(Source records)
=== Section Start ===
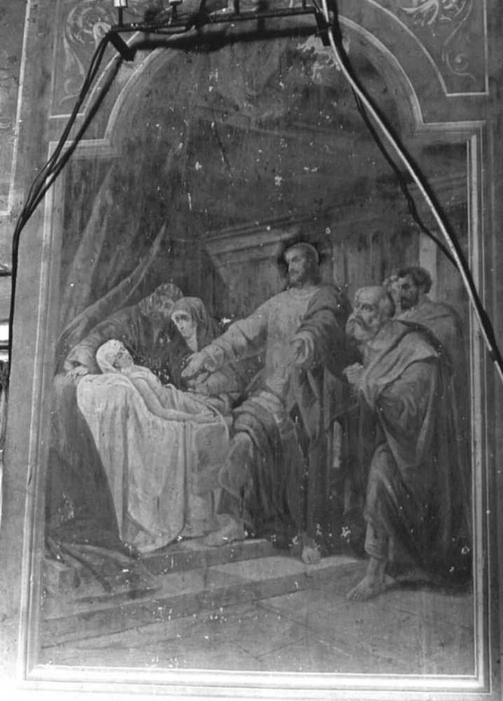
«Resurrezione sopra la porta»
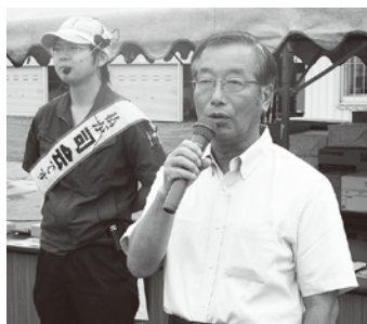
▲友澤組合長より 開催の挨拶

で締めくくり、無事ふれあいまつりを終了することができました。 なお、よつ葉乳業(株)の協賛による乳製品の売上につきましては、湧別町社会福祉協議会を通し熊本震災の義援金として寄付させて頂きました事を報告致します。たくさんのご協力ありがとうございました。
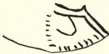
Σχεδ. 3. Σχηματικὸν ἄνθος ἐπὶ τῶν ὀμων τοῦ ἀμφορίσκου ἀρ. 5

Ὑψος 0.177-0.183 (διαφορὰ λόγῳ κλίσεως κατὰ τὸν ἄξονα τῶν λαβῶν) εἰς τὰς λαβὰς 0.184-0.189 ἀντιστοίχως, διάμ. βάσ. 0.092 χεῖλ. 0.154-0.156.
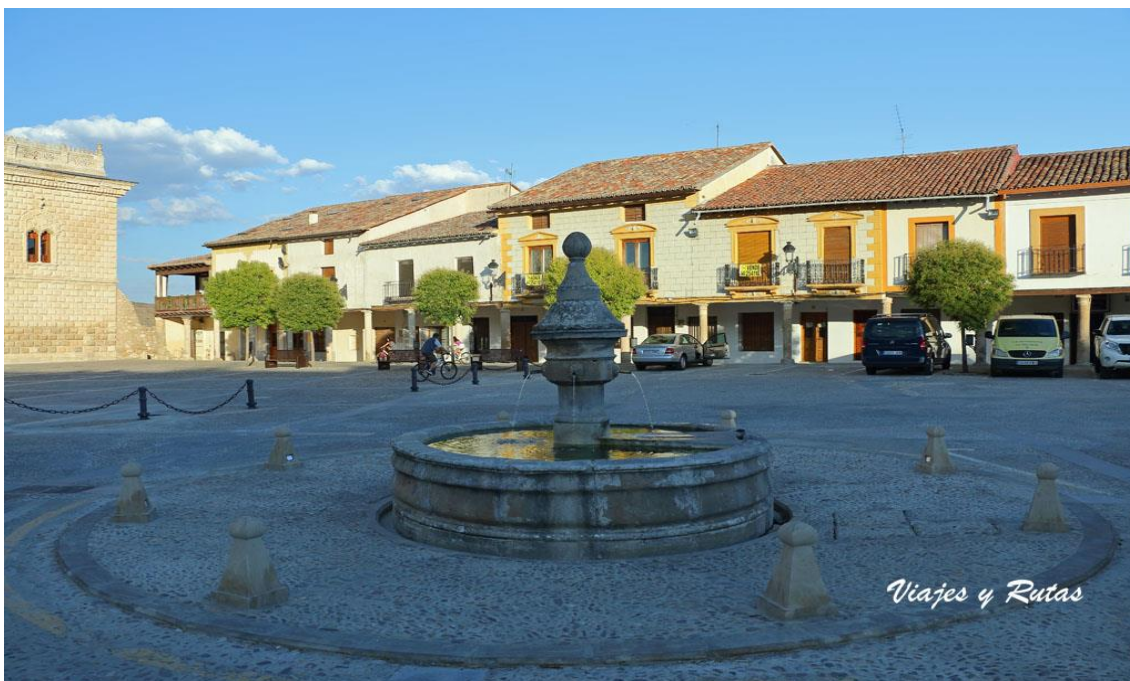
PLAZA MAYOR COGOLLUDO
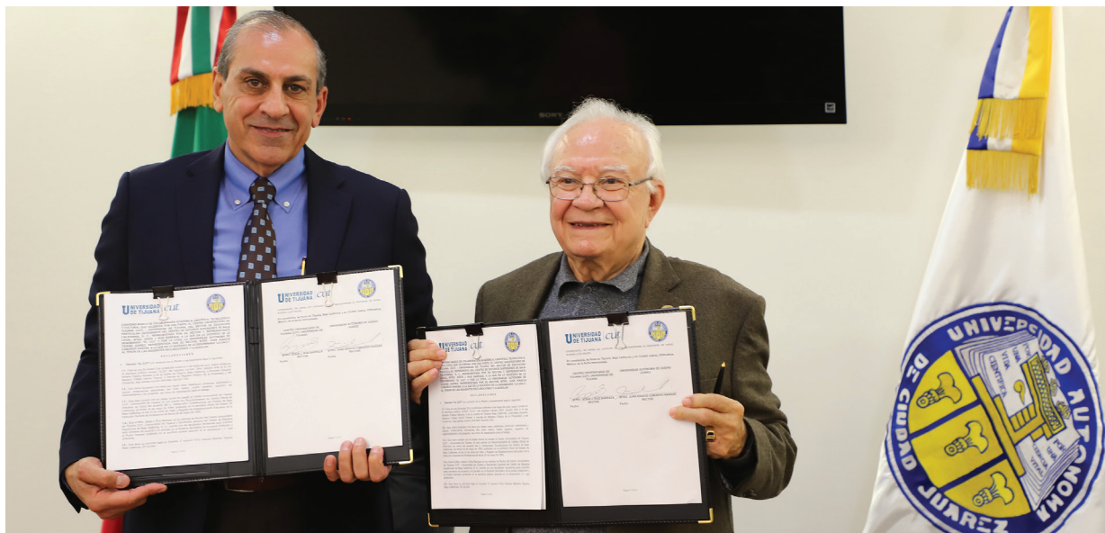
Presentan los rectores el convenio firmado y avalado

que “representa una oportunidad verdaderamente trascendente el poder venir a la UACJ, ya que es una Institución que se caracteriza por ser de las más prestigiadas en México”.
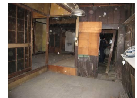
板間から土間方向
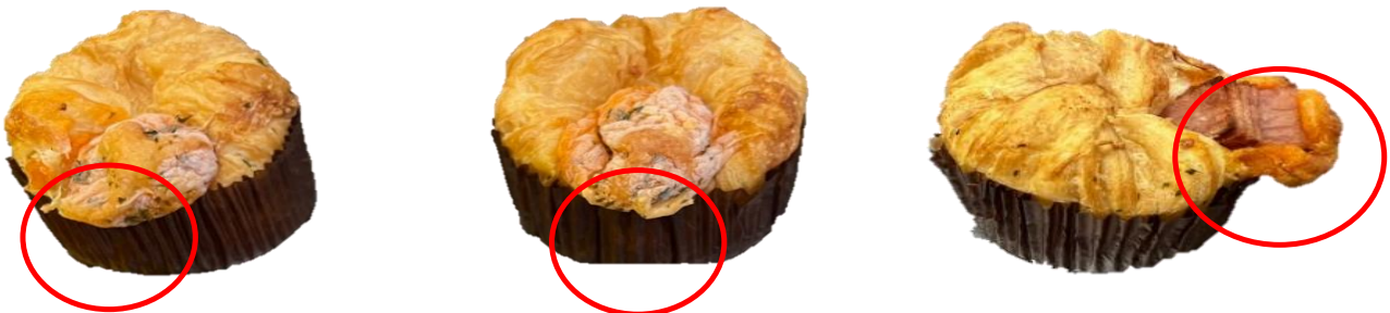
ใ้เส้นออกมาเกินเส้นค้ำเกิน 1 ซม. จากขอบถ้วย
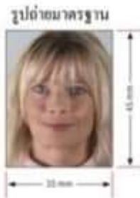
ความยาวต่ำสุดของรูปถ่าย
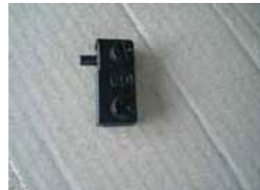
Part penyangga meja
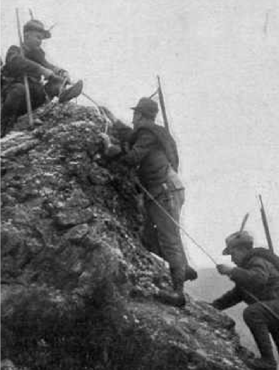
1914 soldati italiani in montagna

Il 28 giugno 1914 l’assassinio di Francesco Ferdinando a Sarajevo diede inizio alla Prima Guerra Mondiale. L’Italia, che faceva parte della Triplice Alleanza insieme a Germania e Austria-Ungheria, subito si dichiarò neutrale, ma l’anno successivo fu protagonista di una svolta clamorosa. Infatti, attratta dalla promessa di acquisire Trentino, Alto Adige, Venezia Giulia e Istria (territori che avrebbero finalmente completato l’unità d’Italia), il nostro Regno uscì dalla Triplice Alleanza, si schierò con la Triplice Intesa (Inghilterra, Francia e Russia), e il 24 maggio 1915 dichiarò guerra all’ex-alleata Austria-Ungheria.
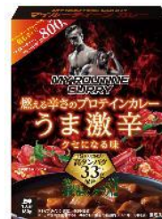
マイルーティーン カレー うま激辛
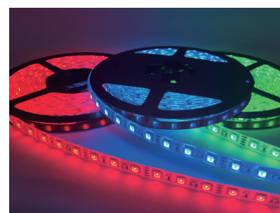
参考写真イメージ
=== Section End ===
• ACTION ITEM:
Using the data above, return the lines from the one holding "Σχεδ. 3. Σχηματικὸν" through the one holding "1914 soldati italiani in montagna" exactly, but not the pictures.

• REPLY:
Σχεδ. 3. Σχηματικὸν ἄνθος ἐπὶ τῶν ὀμων τοῦ ἀμφορίσκου ἀρ. 5

Ὑψος 0.177-0.183 (διαφορὰ λόγῳ κλίσεως κατὰ τὸν ἄξονα τῶν λαβῶν) εἰς τὰς λαβὰς 0.184-0.189 ἀντιστοίχως, διάμ. βάσ. 0.092 χεῖλ. 0.154-0.156.
PLAZA MAYOR COGOLLUDO
Presentan los rectores el convenio firmado y avalado

que “representa una oportunidad verdaderamente trascendente el poder venir a la UACJ, ya que es una Institución que se caracteriza por ser de las más prestigiadas en México”.
板間から土間方向
ใ้เส้นออกมาเกินเส้นค้ำเกิน 1 ซม. จากขอบถ้วย
ความยาวต่ำสุดของรูปถ่าย
Part penyangga meja
1914 soldati italiani in montagna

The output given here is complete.